If you can’t beat ‘em ...

Continuing saga of Bob Barr and the cruel shoes

Revenge is a dish best served up cold — and it tastes even sweeter if your enemies cook it for themselves.
No doubt U.S. Rep. Bob Barr, R-Smyrna, is enjoying watching his foes eat it these days, considering the irony of chewing up an anti-Barr ad campaign by using the very law the ad defends — a law Barr opposed in Congress.
When the National Republican Congressional Committee sent menacing letters to cable stations in Barr’s district Oct. 11 telling them to drop the ad, they cited Public Law 106-152. Congress overwhelmingly approved the law last fall over Barr’s objections. It criminalizes the creation, sale or possession of a depiction of “animal cruelty with the intention of placing that depiction in interstate or foreign commerce for commercial gain.” It was intended to target “crush” videos, pornographic works of women in high-heels stomping small animals.

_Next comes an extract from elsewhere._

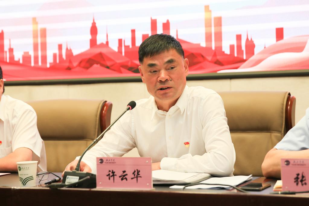 党委副书记、校长许云华在安排部署重点工作时指出,安全稳定事关重大,容不得出任何差错,要充分认识学校安全工作的极端重要性,坚持把安全工作摆在更加突出的位置上。严格落实“党政同责,齐抓共管,一岗双责,失责追责”的要求,强化责任落实,加强领导干部值班值守和应急处突。要及时发现风险、管控风险、化解风险,以高度重视、高度警惕、高度负责的态度把学校安全稳定工作的各项措施真正落到实处,做到守土有责、守土负责、守土尽责。他从坚持一个统领、守住一条底线、围绕一个定位、实现两大目标、促进一个主体、通过三个路径、凝练一个精神、抓住一个战略、落实一个抓手、延迟一个模式等十个方面对学校发展定位、人才引进、新校区建设等十项重点工作任务进行了安排部署。他指出要践行“三新”,促进 “三高”,最终实现“三感”,任重而道远,全校教职员工要对标对表,要艰苦奋斗、持续发力、精准发力、充分聚焦、背水一战,只能成功不能失败,以优异成绩迎接党的百年华诞。
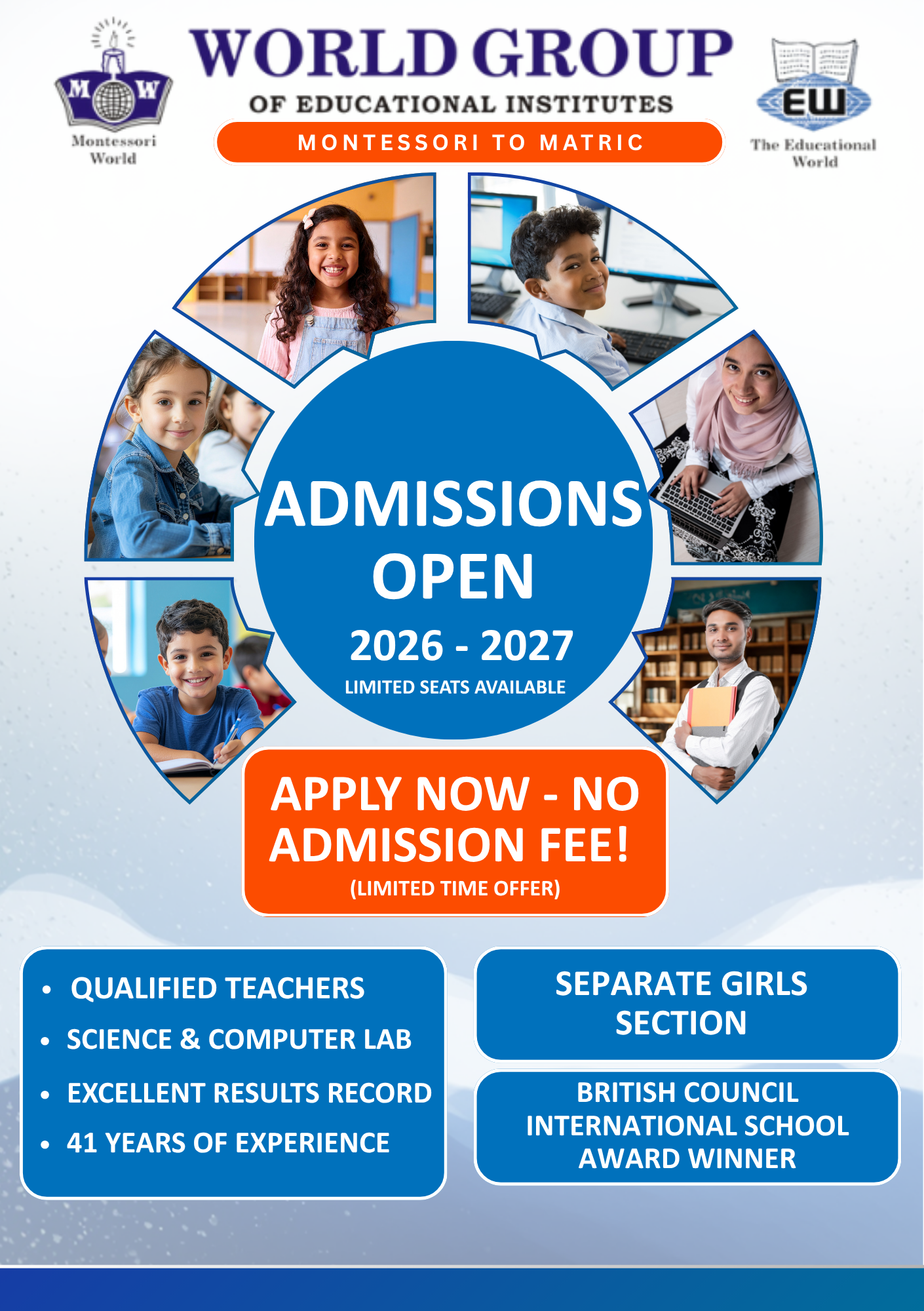 We proudly operate two distinct schools: Montessori World, providing a nurturing Montessori environment for young learners aged 2.5 to 5 years, and The Educational World, delivering the internationally recognized Cambridge curriculum from Class 1 onwards

Barr is locked in a tough race against businessman Roger Kahn, who is spending hundreds of thousands of his own dollars on TV ads. On Oct. 10, Humane USA, a political action committee, held a press conference in Marietta to unveil its own anti-Barr ad, which shows a woman’s shoe rubbing a hamster’s head with her high-heeled shoe. A voice-over refers to Barr’s opposition to the anti-crush video legislation.
Before the ad was aired, however, cable stations in the 7th District received the GOP letter warning that, “This footage is illegal as a matter of federal law. Public Law 106-152 states ‘Whoever...shall be fined under this title or imprisoned not more than 5 years or both.”
Not one station would run the ad.
“It’s incredibly ironic,” says Humane USA spokeswoman Andrea Lane, “that they would use this law to keep us from getting the truth out.”
Reg Griffin, spokesman for AT&T Broadband, which has the majority of cable affiliates in Barr’s district, says the GOP letter played no part in the decision not to run the ad. On Oct. 13, he says, AT&T Broadband’s general manager, Jeff Ervin, deemed the ad too provocative for the company’s customers.
“I don’t know if the Humane PAC realizes that by getting the word out about this they’re just drawing more attention to it,” says Griffin.
Barr did not return calls.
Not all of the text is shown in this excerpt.